Fix array with rows of different lengths by filling the empty elements with zeros

Question

The functionality I am looking for looks something like this:

data = np.array([[1, 2, 3, 4],
                 [2, 3, 1],
                 [5, 5, 5, 5],
                 [1, 1]])

result = fix(data)
print result

[[ 1.  2.  3.  4.]
 [ 2.  3.  1.  0.]
 [ 5.  5.  5.  5.]
 [ 1.  1.  0.  0.]]

These data arrays I'm working with are really large so I would really appreciate the most efficient solution.

Edit: Data is read in from disk as a python list of lists.

simply add the data type to the array function call, np.array(...,dtype=np.float64)np.array(...,dtype=np.float64), or use loadtxt, savetxt from numpy. — nickpapior
– nickpapior, Commented Aug 16, 2015 at 17:33
@zeroth I have tried that and got ValueError: setting an array element with a sequence.
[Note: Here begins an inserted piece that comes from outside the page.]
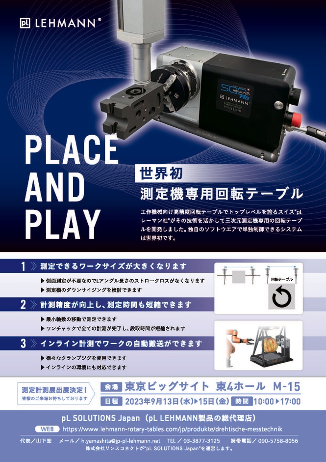 pL LEHMANN製品の販売を手がける“pL SOLUTIONS Japan”(運営:株式会社リンスコネクト、本社:東京江戸川区、代表取締役社長:山下 宏)は、世界初※となる測定機用回転テーブルを2023年9月13日に販売を開始いたします。※当社調べ

Could you explain more? — user2909415
– user2909415, Commented Aug 16, 2015 at 17:36
Is it likely to be a Sparse matrix with most entries as zero? Can it fit in memory as a dense matrix? — musically_ut
– musically_ut, Commented Aug 16, 2015 at 17:54
@musically_ut No it isn't sparse. Often there are only 1-3 elements missing at the ends. — user2909415
– user2909415, Commented Aug 16, 2015 at 18:10

Divakar · Accepted Answer · 2016-11-14 13:07:03Z

28

This could be one approach -

def numpy_fillna(data):
    # Get lengths of each row of data
    lens = np.array([len(i) for i in data])
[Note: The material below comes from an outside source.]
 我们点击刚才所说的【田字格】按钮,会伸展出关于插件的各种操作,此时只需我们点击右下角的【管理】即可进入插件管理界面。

    # Mask of valid places in each row
    mask = np.arange(lens.max()) < lens[:,None]

    # Setup output array and put elements from data into masked positions
    out = np.zeros(mask.shape, dtype=data.dtype)
    out[mask] = np.concatenate(data)
    return out

Sample input, output -

In [222]: # Input object dtype array
     ...: data = np.array([[1, 2, 3, 4],
     ...:                  [2, 3, 1],
     ...:                  [5, 5, 5, 5, 8 ,9 ,5],
     ...:                  [1, 1]])

In [223]: numpy_fillna(data)
Out[223]: 
array([[1, 2, 3, 4, 0, 0, 0],
       [2, 3, 1, 0, 0, 0, 0],
       [5, 5, 5, 5, 8, 9, 5],
       [1, 1, 0, 0, 0, 0, 0]], dtype=object)

edited Nov 14, 2016 at 13:07

answered Aug 17, 2015 at 5:31

Divakar

222k19 gold badges273 silver badges374 bronze badges

Sign up to request clarification or add additional context in comments.

3 Comments

Jerry Londergaard Over a year ago

The accepted answer is almost correct. I assume it was an oversight, but the following: # Mask of valid places in each row mask = np.arange(lens.size) < lens[:,None] Should Actually be: # Mask of valid places in each row mask = np.arange(max(lens)) < lens[:,None] The accepted answer happens to work for the tested input because lens.size == max(lens). If it's not, it no longer works...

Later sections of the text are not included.